#### ABOUT THIS TASK:
From the entries that follow, copy exactly the lines beginning at the line holding "圖6(a)和圖7(a)中,圓" and continuing through the line holding "ATL Bloom Grillz".

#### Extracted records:
● ● ● ●

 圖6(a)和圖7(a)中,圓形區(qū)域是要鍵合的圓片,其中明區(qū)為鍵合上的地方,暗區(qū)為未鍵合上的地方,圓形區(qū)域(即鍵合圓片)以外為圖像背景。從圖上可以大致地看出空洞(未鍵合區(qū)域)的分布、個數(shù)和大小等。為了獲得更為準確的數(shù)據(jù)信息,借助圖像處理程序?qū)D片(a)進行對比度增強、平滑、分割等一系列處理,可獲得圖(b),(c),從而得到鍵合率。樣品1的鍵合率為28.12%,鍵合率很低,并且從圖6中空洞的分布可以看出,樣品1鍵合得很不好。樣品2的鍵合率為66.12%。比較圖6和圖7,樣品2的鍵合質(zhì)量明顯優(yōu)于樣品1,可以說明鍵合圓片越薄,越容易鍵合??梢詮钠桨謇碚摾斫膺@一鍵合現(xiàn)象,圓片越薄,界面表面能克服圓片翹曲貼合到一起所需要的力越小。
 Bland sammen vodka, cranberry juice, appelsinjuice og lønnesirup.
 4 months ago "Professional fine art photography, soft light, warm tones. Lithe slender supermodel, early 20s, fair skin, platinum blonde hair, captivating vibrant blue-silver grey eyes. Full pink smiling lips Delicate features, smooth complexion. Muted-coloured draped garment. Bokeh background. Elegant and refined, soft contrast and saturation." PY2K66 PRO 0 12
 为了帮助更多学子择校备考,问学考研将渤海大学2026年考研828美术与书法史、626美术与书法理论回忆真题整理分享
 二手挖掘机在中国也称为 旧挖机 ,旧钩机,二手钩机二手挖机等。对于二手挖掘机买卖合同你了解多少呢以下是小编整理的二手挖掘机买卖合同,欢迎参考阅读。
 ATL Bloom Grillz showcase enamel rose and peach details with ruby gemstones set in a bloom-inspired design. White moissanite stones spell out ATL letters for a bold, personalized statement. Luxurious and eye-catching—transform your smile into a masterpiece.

● ● ● ●

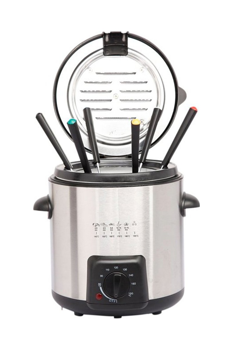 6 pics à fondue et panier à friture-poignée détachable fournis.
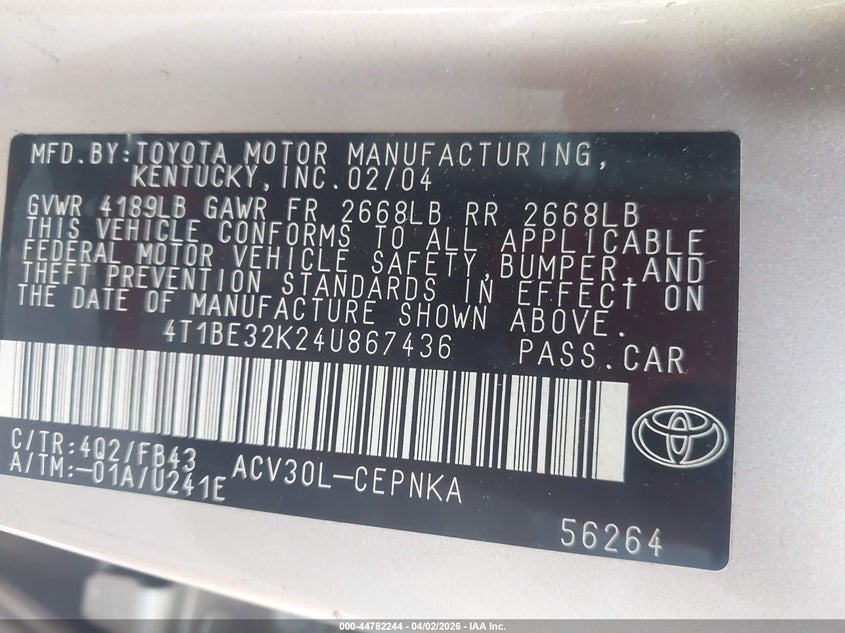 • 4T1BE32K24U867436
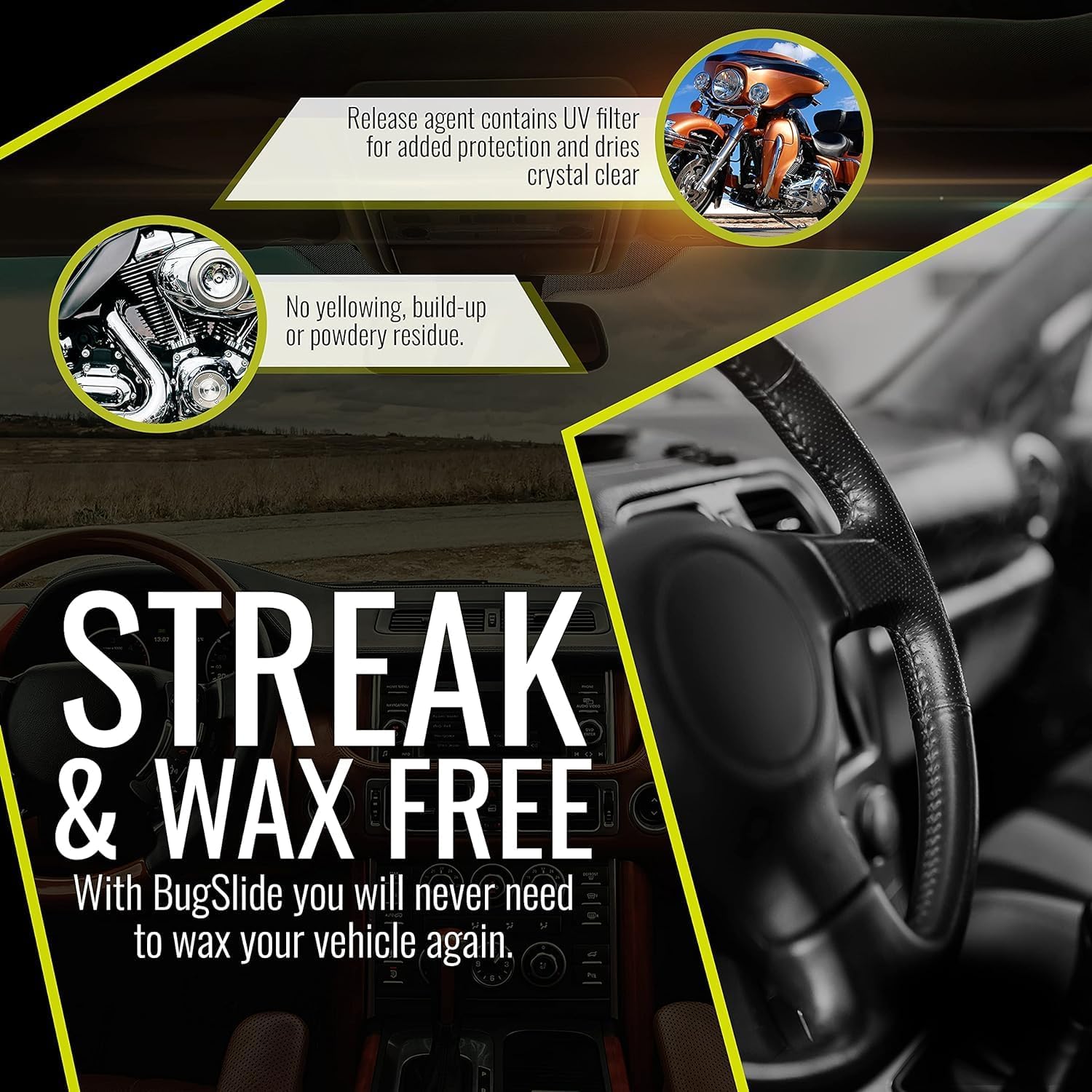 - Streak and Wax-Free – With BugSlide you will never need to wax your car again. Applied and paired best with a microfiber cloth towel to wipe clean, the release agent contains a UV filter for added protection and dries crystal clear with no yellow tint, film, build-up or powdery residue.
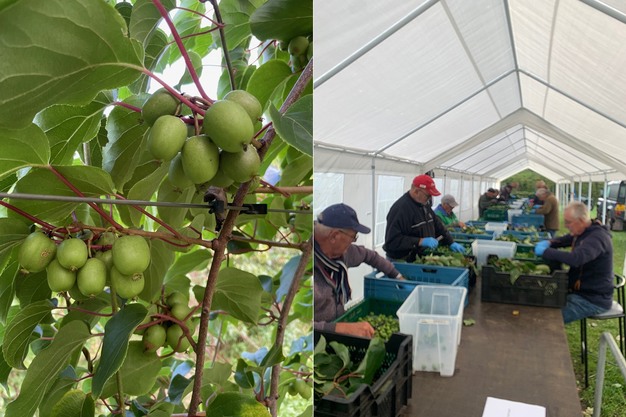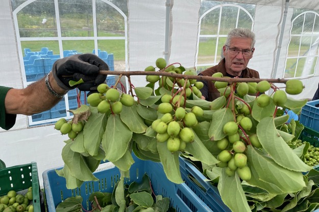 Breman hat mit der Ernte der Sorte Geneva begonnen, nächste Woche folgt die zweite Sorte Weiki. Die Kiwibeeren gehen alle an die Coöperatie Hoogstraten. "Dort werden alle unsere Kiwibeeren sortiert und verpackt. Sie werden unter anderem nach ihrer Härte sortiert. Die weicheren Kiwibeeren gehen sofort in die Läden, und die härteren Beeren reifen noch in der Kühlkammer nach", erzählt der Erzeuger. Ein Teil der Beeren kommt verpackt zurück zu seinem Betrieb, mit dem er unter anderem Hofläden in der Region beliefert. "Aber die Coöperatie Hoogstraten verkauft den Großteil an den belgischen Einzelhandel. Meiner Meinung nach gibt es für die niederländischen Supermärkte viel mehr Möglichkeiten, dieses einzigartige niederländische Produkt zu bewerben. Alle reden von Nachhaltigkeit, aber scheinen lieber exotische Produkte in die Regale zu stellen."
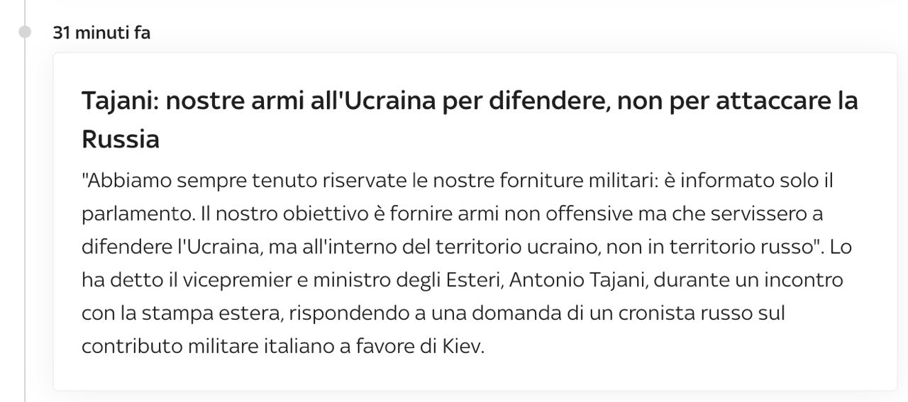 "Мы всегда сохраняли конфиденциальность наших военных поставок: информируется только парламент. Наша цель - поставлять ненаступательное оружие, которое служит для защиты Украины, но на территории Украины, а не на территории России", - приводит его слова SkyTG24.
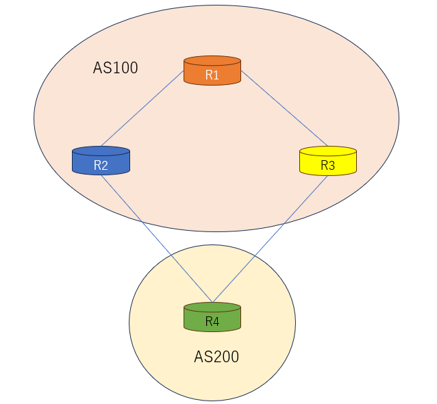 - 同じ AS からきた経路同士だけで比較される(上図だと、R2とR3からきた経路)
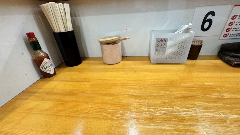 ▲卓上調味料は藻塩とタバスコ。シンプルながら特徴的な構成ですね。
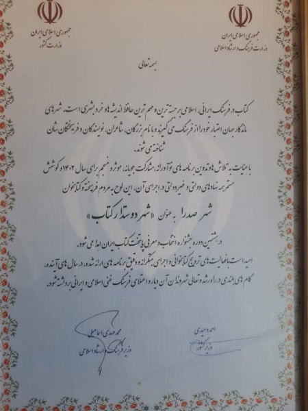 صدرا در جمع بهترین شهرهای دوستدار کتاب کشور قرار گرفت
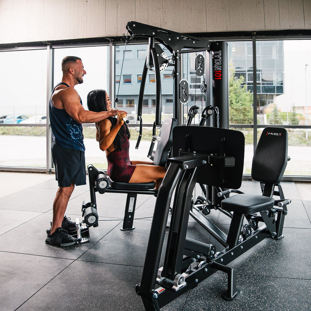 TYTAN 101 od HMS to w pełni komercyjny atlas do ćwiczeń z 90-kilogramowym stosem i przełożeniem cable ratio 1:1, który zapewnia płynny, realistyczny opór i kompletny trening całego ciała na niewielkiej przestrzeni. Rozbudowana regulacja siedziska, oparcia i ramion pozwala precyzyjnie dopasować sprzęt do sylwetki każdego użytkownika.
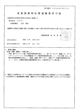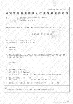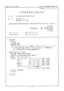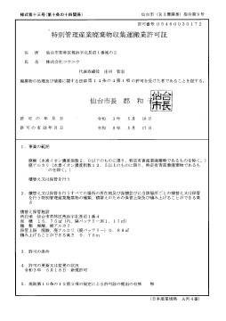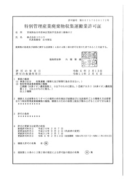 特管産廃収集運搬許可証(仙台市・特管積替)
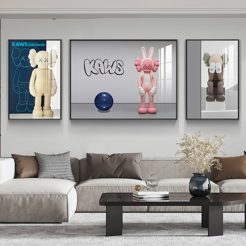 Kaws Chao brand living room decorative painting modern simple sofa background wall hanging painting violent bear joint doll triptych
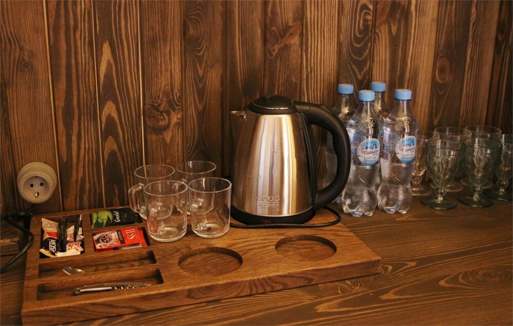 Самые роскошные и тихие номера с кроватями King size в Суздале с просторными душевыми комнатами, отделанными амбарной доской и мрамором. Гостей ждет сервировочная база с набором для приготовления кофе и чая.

● ● ● ●

#### ANSWER SECTION:
 圖6(a)和圖7(a)中,圓形區(qū)域是要鍵合的圓片,其中明區(qū)為鍵合上的地方,暗區(qū)為未鍵合上的地方,圓形區(qū)域(即鍵合圓片)以外為圖像背景。從圖上可以大致地看出空洞(未鍵合區(qū)域)的分布、個數(shù)和大小等。為了獲得更為準確的數(shù)據(jù)信息,借助圖像處理程序?qū)D片(a)進行對比度增強、平滑、分割等一系列處理,可獲得圖(b),(c),從而得到鍵合率。樣品1的鍵合率為28.12%,鍵合率很低,并且從圖6中空洞的分布可以看出,樣品1鍵合得很不好。樣品2的鍵合率為66.12%。比較圖6和圖7,樣品2的鍵合質(zhì)量明顯優(yōu)于樣品1,可以說明鍵合圓片越薄,越容易鍵合??梢詮钠桨謇碚摾斫膺@一鍵合現(xiàn)象,圓片越薄,界面表面能克服圓片翹曲貼合到一起所需要的力越小。
 Bland sammen vodka, cranberry juice, appelsinjuice og lønnesirup.
 4 months ago "Professional fine art photography, soft light, warm tones. Lithe slender supermodel, early 20s, fair skin, platinum blonde hair, captivating vibrant blue-silver grey eyes. Full pink smiling lips Delicate features, smooth complexion. Muted-coloured draped garment. Bokeh background. Elegant and refined, soft contrast and saturation." PY2K66 PRO 0 12
 为了帮助更多学子择校备考,问学考研将渤海大学2026年考研828美术与书法史、626美术与书法理论回忆真题整理分享
 二手挖掘机在中国也称为 旧挖机 ,旧钩机,二手钩机二手挖机等。对于二手挖掘机买卖合同你了解多少呢以下是小编整理的二手挖掘机买卖合同,欢迎参考阅读。
 ATL Bloom Grillz showcase enamel rose and peach details with ruby gemstones set in a bloom-inspired design. White moissanite stones spell out ATL letters for a bold, personalized statement. Luxurious and eye-catching—transform your smile into a masterpiece.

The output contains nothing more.